Entre os nomes cotados, destaca-se o cardeal filipino Luis Antonio Tagle, apelidado de “papa Francisco asiático” popularmente, pela afinidade ideológica com Bergoglio. Apesar disso, o professor Gerson Moraes ainda avalia que a conjuntura política global pode favorecer um perfil europeu.

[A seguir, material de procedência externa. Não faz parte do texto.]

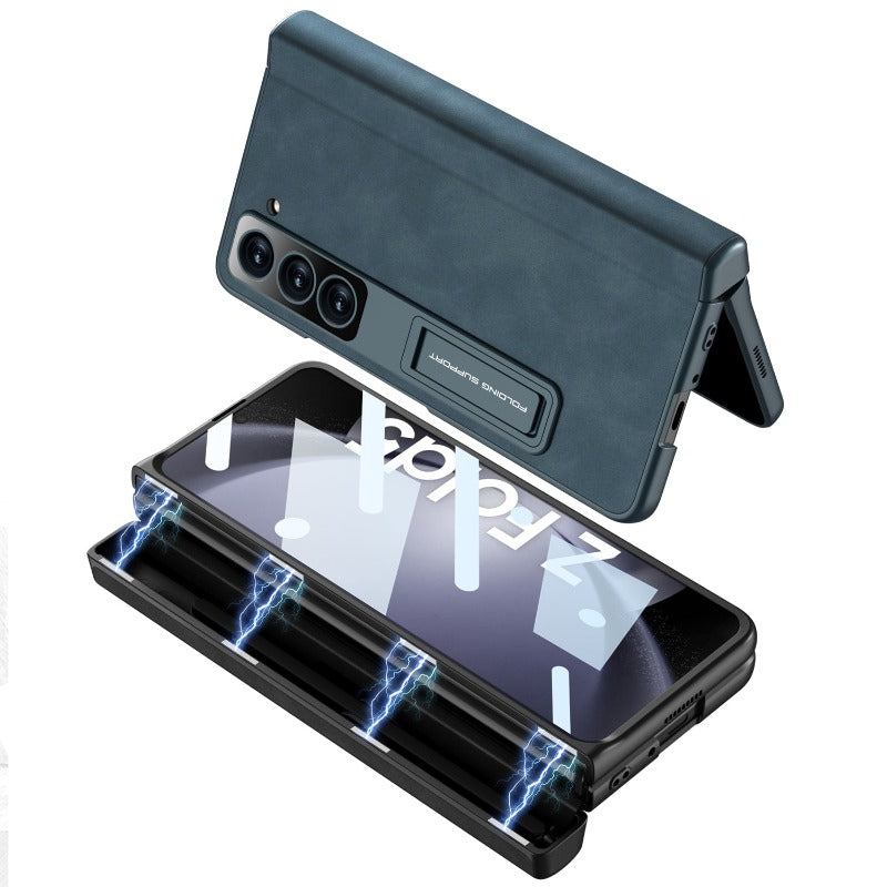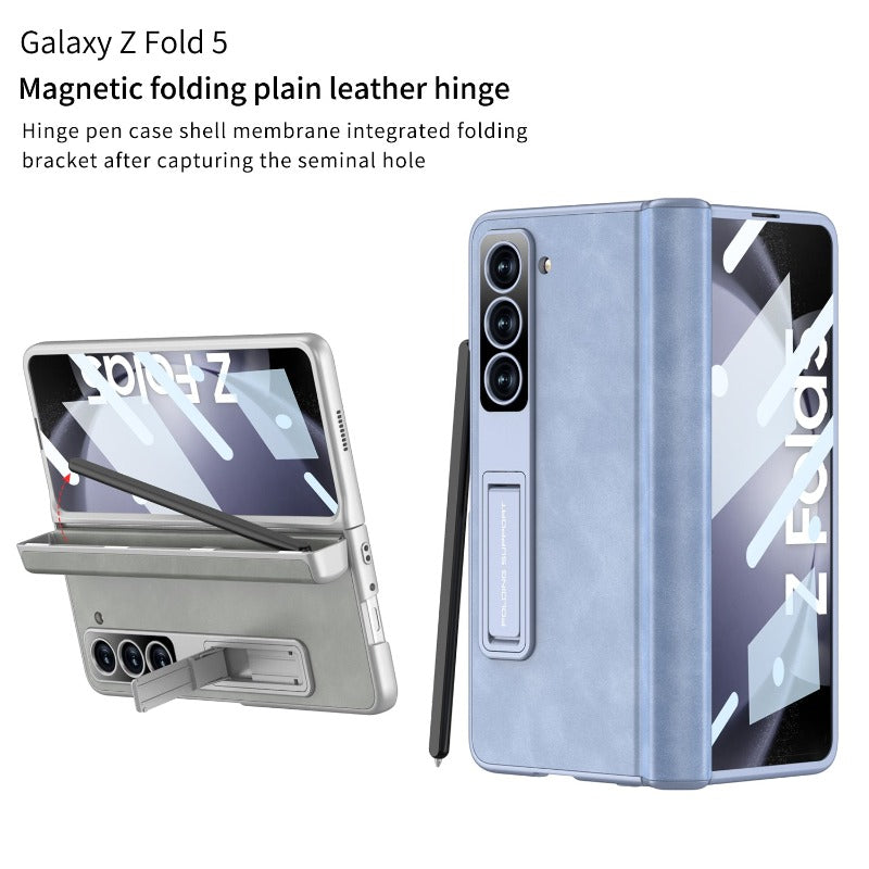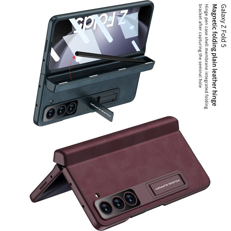 For Samsung Galaxy Z Fold 5 Case Magnetic Hinge Pen Holder Capa For Z Fold5 With Leather hard pc Stand Screen Film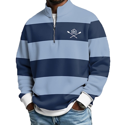 Per uomo Strisce orizzontali Polo con zip Manica Lunga Magliette polo Colletto alla coreana Casual Scuola Athleisure Ferie Abbigliamento quotidiano Stampa 3D Polo con cerniera a un quarto Primavera

“A Europa corre o risco hoje de ficar emparedada entre os interesses de superpotências: os interesses da China, de Trump, e de um Putin com amplos poderes”, pontua o historiador à BBC. “A escolha de um papa europeu, com bom trânsito e com uma cabeça arejada, não me surpreenderia nem um pouco nesse momento. Porque, antes de mais nada, é uma escolha espiritual, mas é também uma escolha política, sem sombra de dúvida”.
Avanço ou recuo?
Analistas ponderam que, após um papa progressista como Francisco, é possível que a Igreja escolha um líder mais conservador. “A Igreja é como o mar, às vezes avança, às vezes recua”, afirmou Moraes. A previsão é que, de qualquer maneira, o próximo pontificado adote uma postura mais cautelosa diante das tensões geopolíticas e internas. Ainda assim, há esperança de continuidade. O professor Gerson Moraes conclui que “nós tivemos um papa latino-americano, que deu um recado para o mundo, que foi uma forma de resistência ao poder da extrema direita. E aí, diante dessa situação toda, a gente espera que a Igreja continue com essas mudanças”
Uma herança viva
Francisco será lembrado por seu embate pacífico, espiritualidade ativa e posicionamento firme em tempos de instabilidade mundial. Em um mundo dividido por discursos de ódio e exclusão, o pontífice argentino deixa um legado espiritual, político e moral que continuará ressoando para além dos muros do Vaticano — e que influenciará diretamente os rumos da próxima liderança da Igreja Católica.